New guidance for fleet operators considering out-of-hours deliveries was launched by TfL at Quiet Cities yesterday

‘Getting the timing right’ is a toolkit for all stakeholders involved in re-timing freight deliveries – including hauliers, local councils and businesses – and outlines the benefits and issues to consider when rescheduling deliveries, from finding suitable sites and staffing issues through to engaging with local residents.

It is an industry-led guide that pulls together all the lessons learned and data gathered by the Re-timing Deliveries Consortium, which comprises TfL, freight operators, retailers, trade associations and several London boroughs.

It outlines benefits for operators as:

  • Fewer PCNs by delivering at times when restrictions do not apply
  • Fuel savings, by avoiding congestion
  • More efficient use of fleet
  • Less stressful journeys for drivers

However it urges operators to take into account the following considerations:

  • Analyse delivery options
  • Talks between customers and local authorities
  • Identifying suitable locations
  • What customer requirements are for each delivery
  • The impact on whole supply chain
  • Staff training
  • Equipment investment

London’s Transport Commissioner Sir Peter Hendy (pictured), said: “London, through the 2012 Games and the Re-timing Deliveries Consortium, has proved that innovative attitudes can have a real impact. Moving deliveries to the right time will make the difference, improving road safety and relieving pressure on congestion.

“The sheer number of people at the inaugural Quiet Cities event shows that the appetite for this change is there, not just in London, or the UK, but across the globe.”
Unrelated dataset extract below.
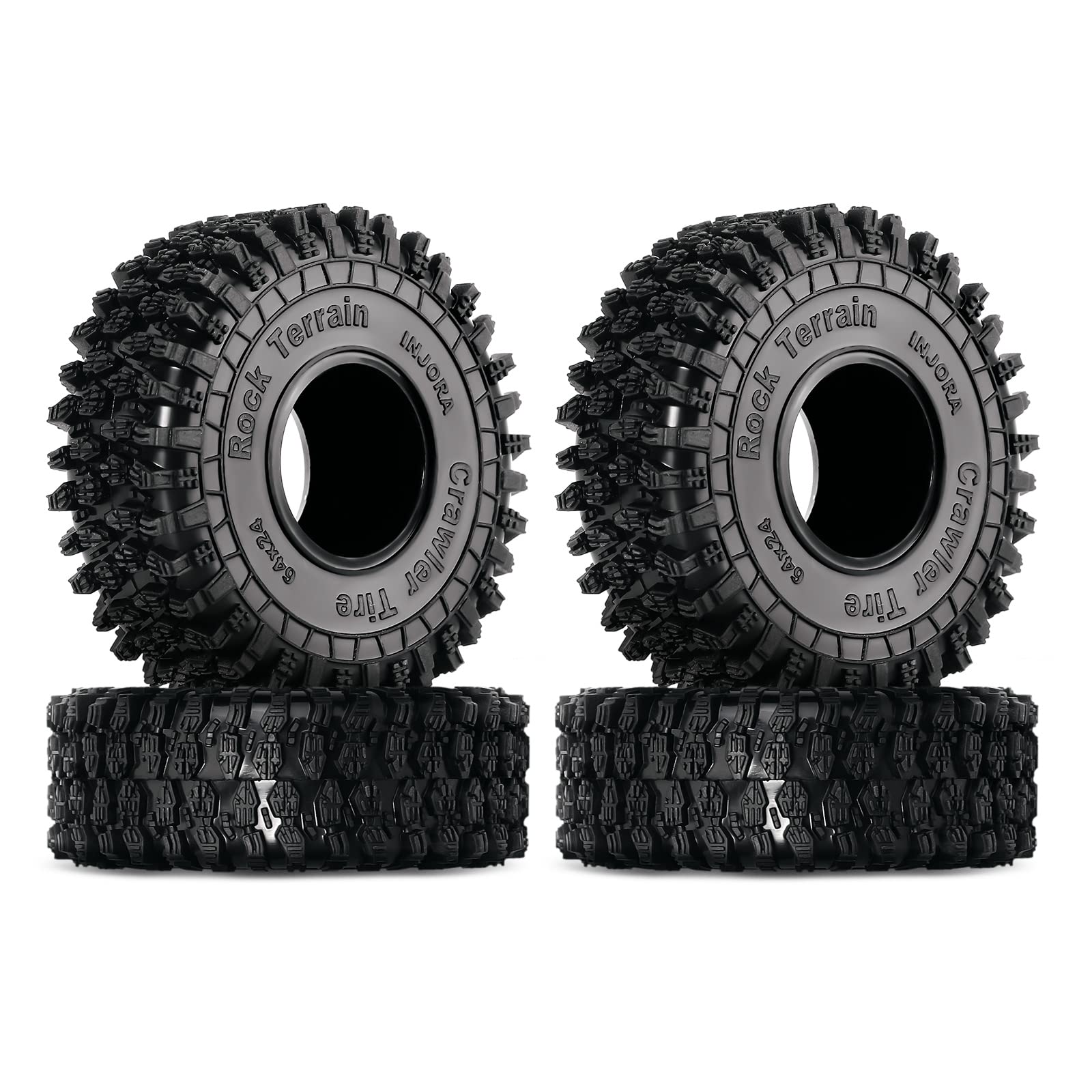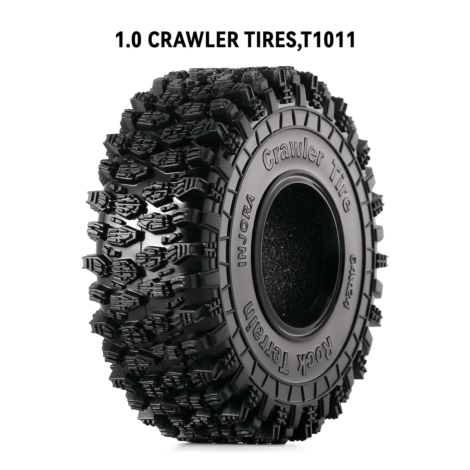 - Q: Can I use these tires for on-road driving? A: While the INJORA 1.0 Tires are primarily designed for off-road crawling with exceptional grip on uneven surfaces, they may not perform optimally on paved roads due to their soft compound and design tailored for rough terrains.

Tim Slater, MD of Transport UK & Ireland at DHL, said: “By sharing best practice and innovative technologies, such as our new concept vehicle, retiming of deliveries to out of the peak can become a reality; ensuring reliability, easing congestion and improving road safety.”

A Quiet Cities delegate from Tesco revealed that working with the Re-timing Deliveries Consortium had enable the supermarket to move 45 stores in London to accepting night-time deliveries, while a Sainsbury’s representative stressed that collaboration across the whole borough is key, as something as simple as adding a dropped kerb can enable a new access point for out-of-hours unloading.

Delegates also wanted to find out more about individual case studies, as well as calling for construction freight to be included in future research. Some also asked about the possibility of a required standard to adhere to, so as to ensure compliance from all operators.